In any case, I’ve been wondering why this is the case. Why is it that these newspapers do such a shoddy job of covering India (or possibly any other emerging market) (I’m not saying they do a great job of covering their home markets either, since these newspapers have all become rather political, but at least there is some good coverage)?

My hypothesis about this is that they do a shitty job of covering India because they don’t care about the Indian reader, who contributes a microscopic minority of their revenues. That they can offer their zero-marginal-cost product for half of what Indian newspapers charge Indians for print subscriptions suggests that Indian readers don’t contribute significantly to their revenues.

Instead, what they have is large numbers of paying subscribers in their home markets who are (rightly) their primary audience. And because the people who are paying them and the people they are writing about are disjoint, there is no need to be authentic in their coverage. They can simply offer their readership the sort of slant and opinions they want without ever being held accountable.

It is similar in the case of Murray Gell-Mann. The science reporting can afford to be bad because scientists who really care about the research form only a tiny part of the subscriber base of the newspaper, and they possibly couldn’t care about holding the papers to account.

Now you can argue that each and every person is a “minority of one”, and so newspaper coverage ought to be uniformly shitty about all subjects. Except that some groups of readers are more similar to each other than they are to others, and such groups are likely to be “better taken care of” by the newspapers than all the other readership.

I don’t really know how this can be solved. For each newspaper, there will always be groups of core readership who might hold them to account, but there will be nobody holding them to account on vast sections of their coverage.

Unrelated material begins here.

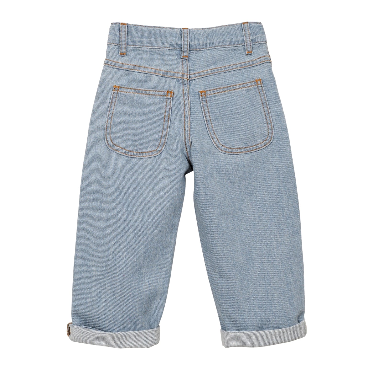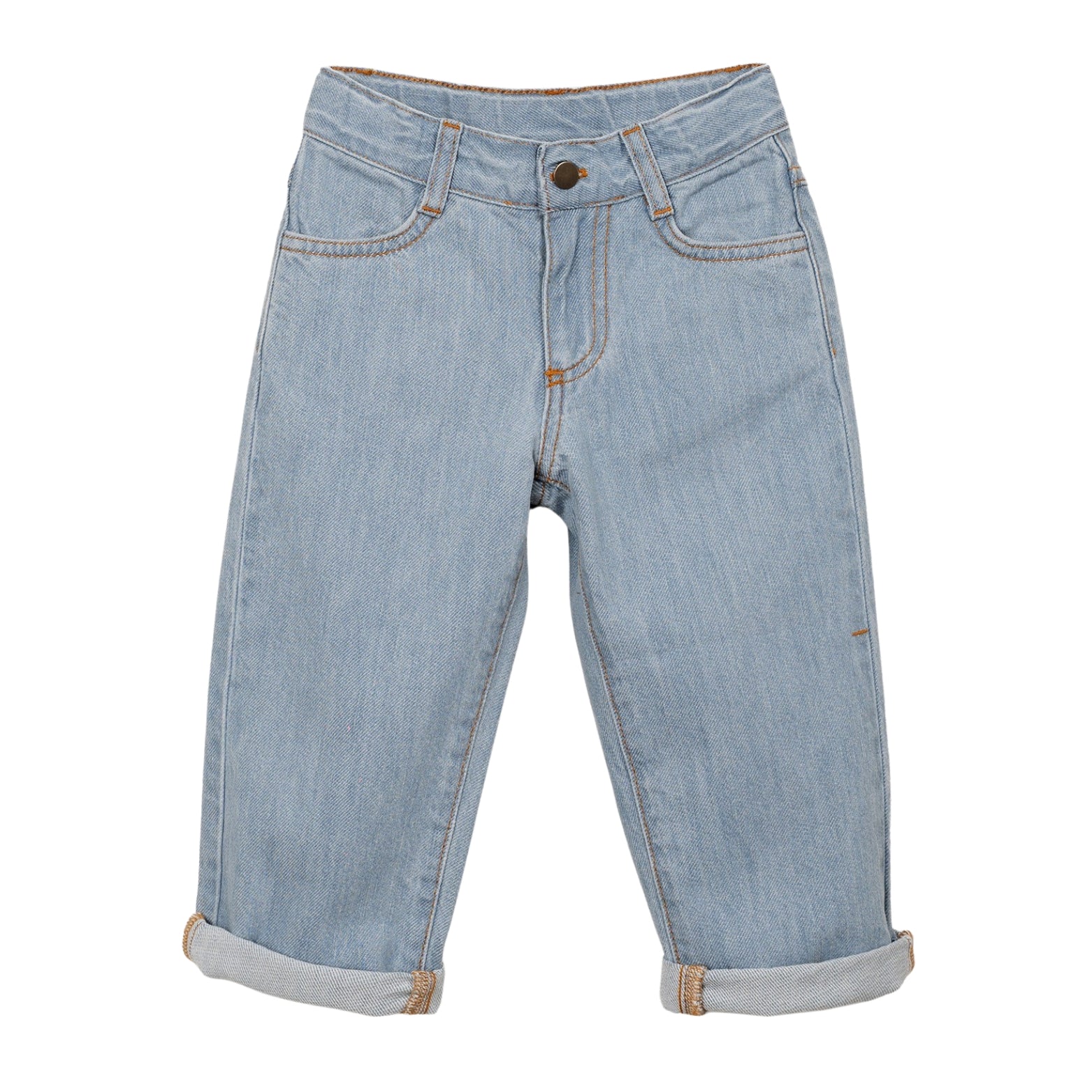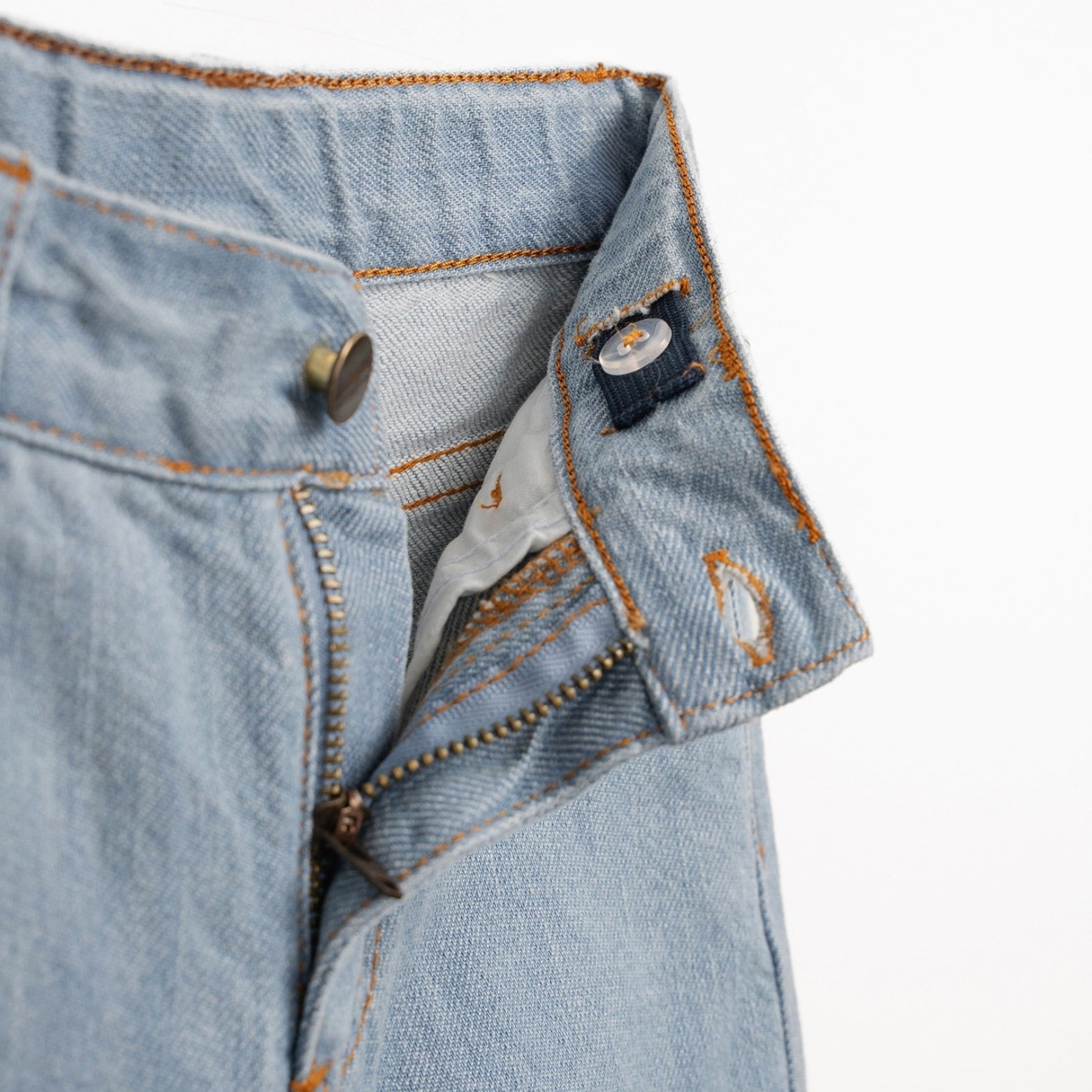 These trousers are made of cotton fabric in Denim color. They feature an adjustable waistband on the inside, a nickel-free metal button and zip fastening, front and back pockets. This piece has been designed for transformation and growth, so it can stay with the same child for longer. Cut the pant leg along the horizontal line in a slightly darker shade to turn it into a pair of shorts.

The only thing I can think of is the Times of India model – apart from being mass-market advertising funded, they have the habit of “putting ordinary people in the newspaper” through their tabloid supplements such as Bangalore Times (this was stated to me by someone who used  to work with the group). When you put ordinary people in the paper, these ordinary people will be more invested, and you better not write shit about them.